* [Exercise]: Below are records with pictures. Transcribe exactly, and only, the lines from the line with "Im Flur lösten" to the line with "- Currently a", both ends included, but not the pictures.

* [Excerpted data]:
::::::::::

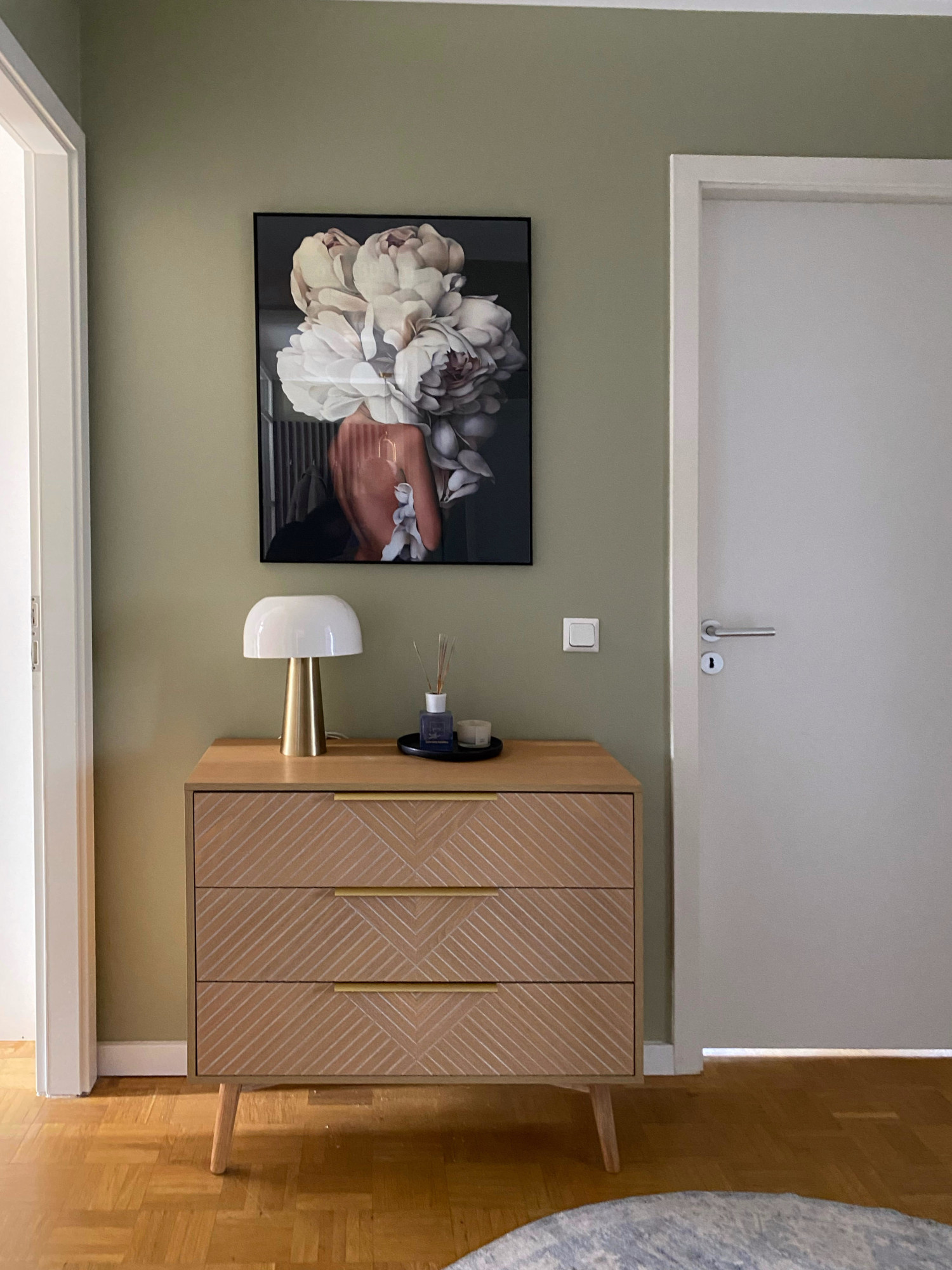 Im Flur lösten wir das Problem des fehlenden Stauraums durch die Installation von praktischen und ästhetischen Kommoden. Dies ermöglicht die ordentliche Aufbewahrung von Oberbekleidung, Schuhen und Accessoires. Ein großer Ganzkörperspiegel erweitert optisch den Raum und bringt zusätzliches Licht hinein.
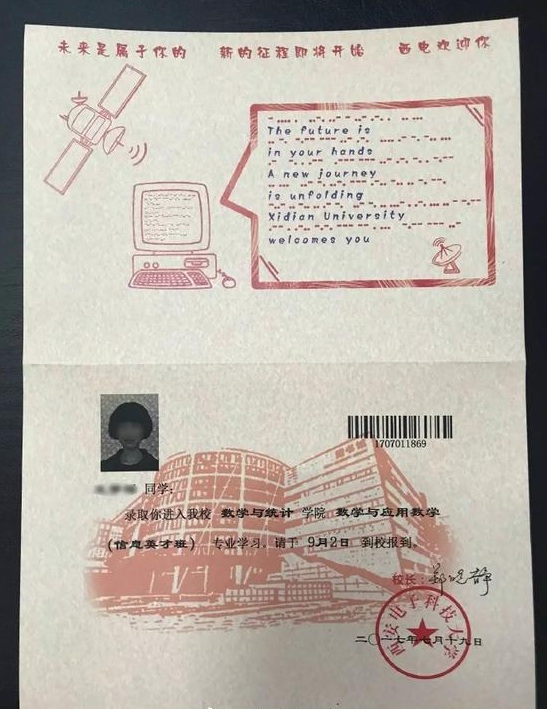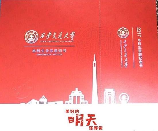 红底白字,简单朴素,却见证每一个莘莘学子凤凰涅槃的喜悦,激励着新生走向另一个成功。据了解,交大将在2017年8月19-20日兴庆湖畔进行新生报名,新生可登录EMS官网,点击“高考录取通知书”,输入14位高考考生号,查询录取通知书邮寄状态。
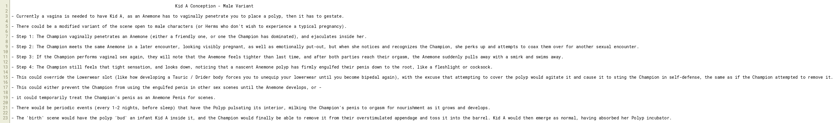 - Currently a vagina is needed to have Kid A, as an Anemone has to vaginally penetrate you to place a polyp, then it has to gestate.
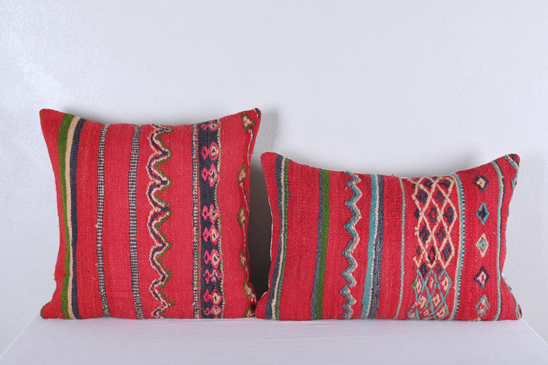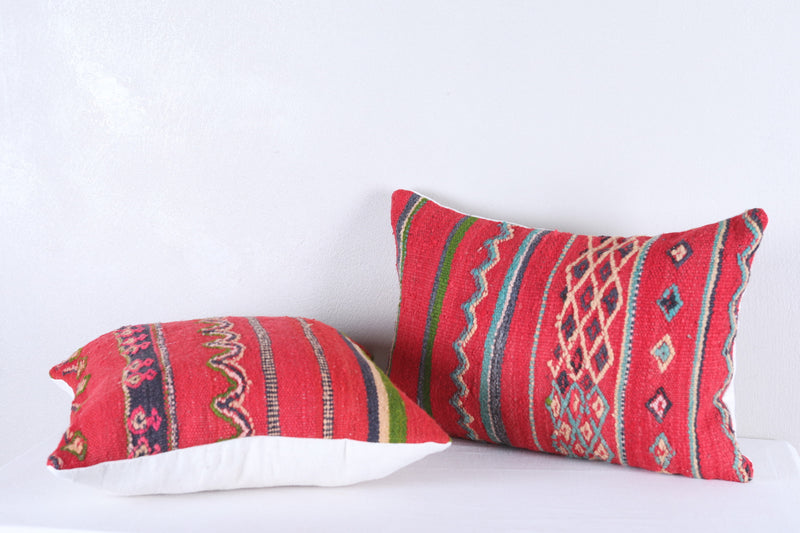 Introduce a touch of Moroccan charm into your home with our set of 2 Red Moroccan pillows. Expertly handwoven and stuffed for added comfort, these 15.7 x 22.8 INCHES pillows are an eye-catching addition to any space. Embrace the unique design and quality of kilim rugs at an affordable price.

::::::::::

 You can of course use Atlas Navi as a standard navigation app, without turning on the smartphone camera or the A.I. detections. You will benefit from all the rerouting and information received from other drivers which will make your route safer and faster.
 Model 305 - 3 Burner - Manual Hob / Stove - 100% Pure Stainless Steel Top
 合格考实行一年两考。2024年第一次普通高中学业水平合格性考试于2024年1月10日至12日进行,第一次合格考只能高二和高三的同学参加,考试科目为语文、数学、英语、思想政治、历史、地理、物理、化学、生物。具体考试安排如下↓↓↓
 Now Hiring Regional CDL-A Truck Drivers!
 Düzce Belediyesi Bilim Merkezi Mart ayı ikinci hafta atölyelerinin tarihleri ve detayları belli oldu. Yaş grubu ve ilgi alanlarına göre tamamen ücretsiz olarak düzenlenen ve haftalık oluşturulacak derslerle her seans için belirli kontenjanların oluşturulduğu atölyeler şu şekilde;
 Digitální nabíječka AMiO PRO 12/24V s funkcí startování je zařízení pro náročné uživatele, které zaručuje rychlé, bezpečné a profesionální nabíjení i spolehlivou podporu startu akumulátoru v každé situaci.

::::::::::

* [Task result]:
 Im Flur lösten wir das Problem des fehlenden Stauraums durch die Installation von praktischen und ästhetischen Kommoden. Dies ermöglicht die ordentliche Aufbewahrung von Oberbekleidung, Schuhen und Accessoires. Ein großer Ganzkörperspiegel erweitert optisch den Raum und bringt zusätzliches Licht hinein.
 红底白字,简单朴素,却见证每一个莘莘学子凤凰涅槃的喜悦,激励着新生走向另一个成功。据了解,交大将在2017年8月19-20日兴庆湖畔进行新生报名,新生可登录EMS官网,点击“高考录取通知书”,输入14位高考考生号,查询录取通知书邮寄状态。
 - Currently a vagina is needed to have Kid A, as an Anemone has to vaginally penetrate you to place a polyp, then it has to gestate.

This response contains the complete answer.